Access to archives and cooperation has become more sensitive. For example, the Chinese Pavilion at Fontainebleau is not regularly open, making systematic study extremely difficult.

On May 13, the official website of the Palace of Fontainebleau announced that the Chinese Pavilion is temporarily closed for construction.
The hardest barrier: proving an object is from Yuanmingyuan
Under French law, restitution requires proving—through serious, precise, and corroborated evidence—that an object was unlawfully taken between November 20, 1815, and April 23, 1972.
NBD: What is the biggest obstacle today?
Liu Yang: The key is professional rigor.
We must determine: whether it truly belonged to Yuanmingyuan, where it was displayed, when and how it left China, where it is now, and whether supporting documents exist.
Only then can legal channels become viable.
Even the Forty Scenes, with clear ownership and looting history, still faces legal disputes due to later transactions.

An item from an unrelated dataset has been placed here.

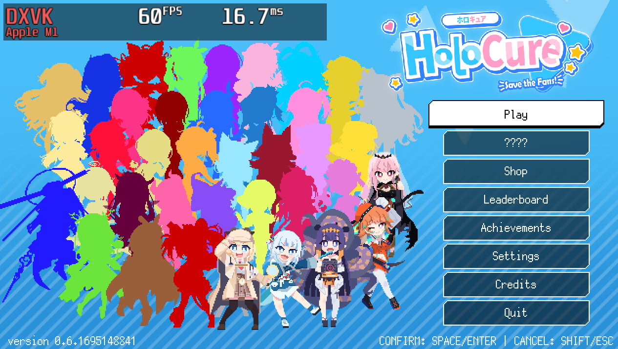HoloCure running on Honeykrisp ft. DXVK, FEX, and Proton.
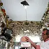 Berber dükkanına gelenler, deniz kabuklarından salyangozlara, pinalardan deniz süngerlerine, yunus balığı başından deniz dikenlerine ve kurutulmuş balıklara kadar farklı deniz canlılarından oluşan ortamda tıraş oluyor.

Most other artifacts fail at the first step: proving they are from Yuanmingyuan.
NBD: So claims must be specific to individual objects?
Liu Yang: Exactly. France will not accept vague claims like “this room contains Yuanmingyuan artifacts.” Each claim must identify a specific object with a complete evidence chain.
In fact, we still do not know how many Yuanmingyuan artifacts were lost or where they all are.
The real task ahead is building a comprehensive system: global collection inventories, reconstruction of original palace layouts, cross-referencing overseas records, image databases, legal research, language expertise, and sustained institutional dialogue.
Even with a legal pathway, the journey for these artifacts to truly “come home” remains long.
Note: This article is the translated version of the original Chinese manuscript. While we have strived to ensure translation accuracy, the translated text may still contain imperfections or deviations from the original content. The original document shall prevail and serve as the authoritative version at all times.